In the final part of the book, Seth applies this ‘beast machine’ idea to our subjective experience of ourselves as a persisting agent over time. Despite the many changes that our bodies and minds undergo over a lifetime, we still have a subjective experience of being the same person – of ‘being you’. What explains this? Seth suggests that it is another top-down prediction, albeit a higher-level one, that reflects a pattern of stability in our bestial, interoceptive predictions. In order for us to exist, our key physiological variables have to remain within certain ranges – if our heartbeat were to stop, or our breathing were to cease, we would die. Hence, given that we exist, there has to be an inherent stability to our bestial predictions. This stability is compounded by the action-determining character of those predictions. If a predictive system decides to hold onto a top-down prediction with a high degree of confidence (if it ‘clamps’ it as true), then other variables in the system will tend to change in preference, e.g. it might revise other predictions or cause the environment to change, so as to keep the clamped prediction true. In this way, a prediction that is accorded a high degree of certainty may serve as a kind of self-fulfilling expectation.
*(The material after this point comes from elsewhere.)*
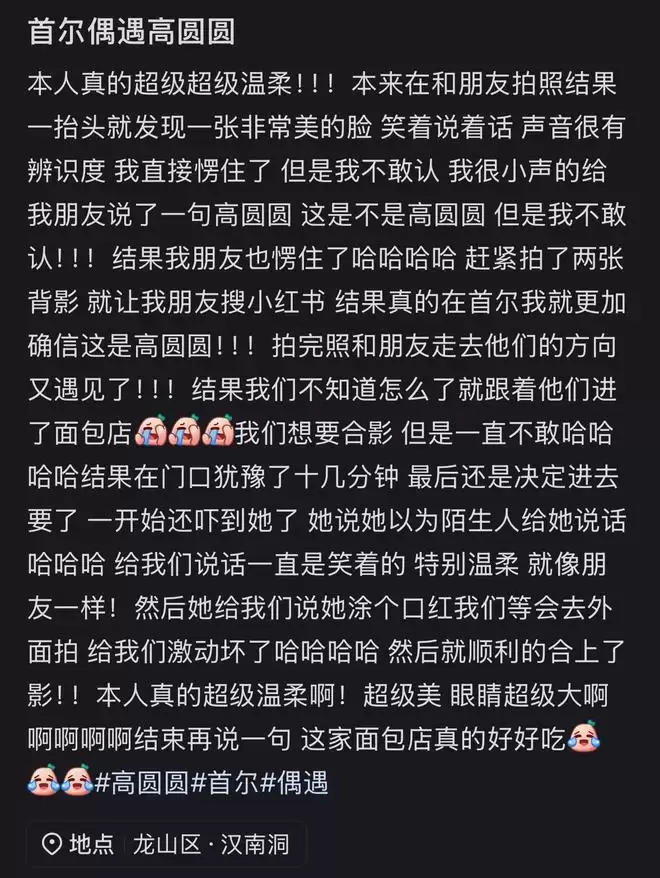 不过网友第一时间并不敢确认,毕竟偶遇明星非常不容易。她便先拍照在某个社交平台中搜索,发现高圆圆当下的确就在韩国首尔。于是她和朋友便上前与高圆圆攀谈。

Seth suggests that we predict that we are the same over time, not only because our key physiological variables tend to remain within the same range over time, but also because by having a strongly held prediction that they do remain the same, we help to keep them within that range. Your subjective sense that there is some ‘you’ that is stable and persisting over time arises because of the doubly-stable nature of your top-down interoceptive predictions.
Seth ends his book on a cautionary note. Even if his ideas concerning the real problem prove correct, important gaps would still remain in our understanding of consciousness. He considers what would happen if the predictive processing algorithm were run inside an electronic computer. He conjectures that it would be unlikely to be accompanied by phenomenal experience. He tentatively concludes that there is something special about our material biological make-up that, combined with the prediction generation machinery, breathes consciousness into us. What that special ingredient is, however, is left open and unexplored. In the end, the hard problem – the search to understand why certain physical conditions give rise to phenomenal consciousness – is a difficult one to escape.